-- Provided records follows --

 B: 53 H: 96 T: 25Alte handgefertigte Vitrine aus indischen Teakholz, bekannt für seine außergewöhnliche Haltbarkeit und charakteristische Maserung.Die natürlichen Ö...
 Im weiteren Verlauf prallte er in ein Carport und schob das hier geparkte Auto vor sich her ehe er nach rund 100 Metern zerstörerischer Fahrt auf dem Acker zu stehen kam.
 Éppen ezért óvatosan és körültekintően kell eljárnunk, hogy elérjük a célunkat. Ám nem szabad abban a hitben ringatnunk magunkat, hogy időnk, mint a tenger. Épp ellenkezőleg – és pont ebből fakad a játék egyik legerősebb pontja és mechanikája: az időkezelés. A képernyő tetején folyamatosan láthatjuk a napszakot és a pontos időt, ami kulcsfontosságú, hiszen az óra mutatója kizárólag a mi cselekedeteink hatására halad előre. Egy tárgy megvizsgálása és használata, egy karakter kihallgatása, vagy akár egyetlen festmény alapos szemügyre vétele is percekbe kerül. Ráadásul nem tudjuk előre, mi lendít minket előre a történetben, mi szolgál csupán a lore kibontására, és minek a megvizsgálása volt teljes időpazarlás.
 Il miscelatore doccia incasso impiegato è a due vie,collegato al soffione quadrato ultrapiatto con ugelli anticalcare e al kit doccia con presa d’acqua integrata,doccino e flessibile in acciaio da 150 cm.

-- Provided records concluded --
-- Provided records follows --

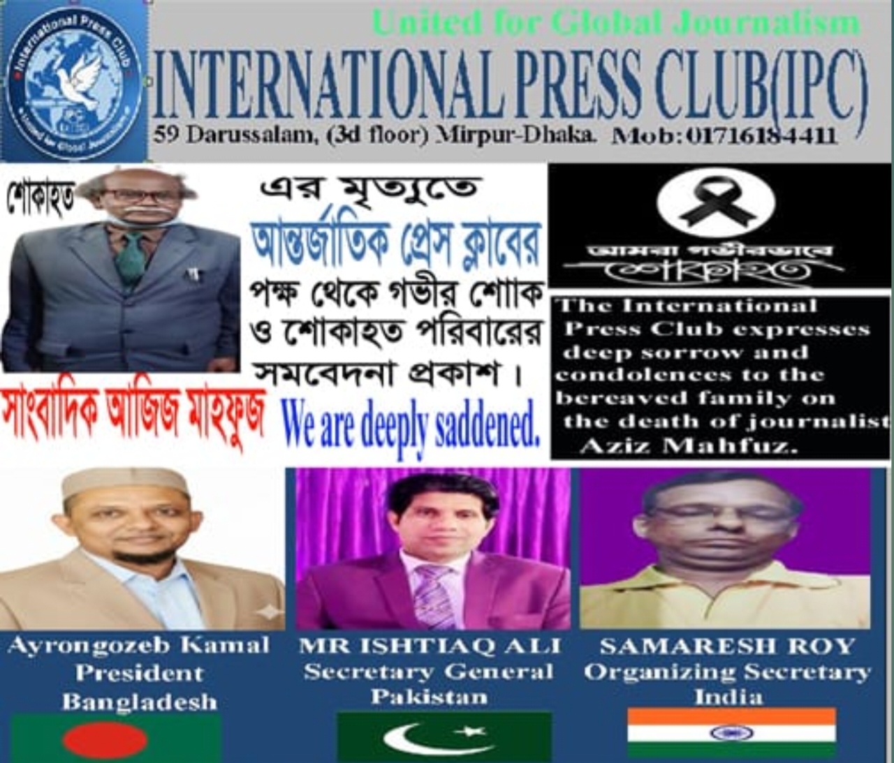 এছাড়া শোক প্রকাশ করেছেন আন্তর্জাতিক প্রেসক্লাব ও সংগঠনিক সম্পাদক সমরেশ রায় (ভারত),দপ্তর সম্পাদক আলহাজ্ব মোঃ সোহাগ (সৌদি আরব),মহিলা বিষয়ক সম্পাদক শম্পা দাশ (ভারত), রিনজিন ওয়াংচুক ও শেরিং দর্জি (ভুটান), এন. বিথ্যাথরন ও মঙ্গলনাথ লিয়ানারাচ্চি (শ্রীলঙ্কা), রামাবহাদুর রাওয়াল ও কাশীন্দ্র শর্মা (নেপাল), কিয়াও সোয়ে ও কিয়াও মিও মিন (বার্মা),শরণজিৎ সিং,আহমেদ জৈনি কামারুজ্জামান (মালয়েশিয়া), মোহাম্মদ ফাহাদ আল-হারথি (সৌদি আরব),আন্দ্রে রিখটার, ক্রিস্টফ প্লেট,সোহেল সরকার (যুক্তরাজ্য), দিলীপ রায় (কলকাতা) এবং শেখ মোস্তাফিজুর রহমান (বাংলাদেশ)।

-- Provided records concluded --

**Your instructions**
Retype, exactly and in full, the lines above from the one containing "B: 53 H: 96" through the one containing "Im weiteren Verlauf".

**Response to this task**
 B: 53 H: 96 T: 25Alte handgefertigte Vitrine aus indischen Teakholz, bekannt für seine außergewöhnliche Haltbarkeit und charakteristische Maserung.Die natürlichen Ö...
 Im weiteren Verlauf prallte er in ein Carport und schob das hier geparkte Auto vor sich her ehe er nach rund 100 Metern zerstörerischer Fahrt auf dem Acker zu stehen kam.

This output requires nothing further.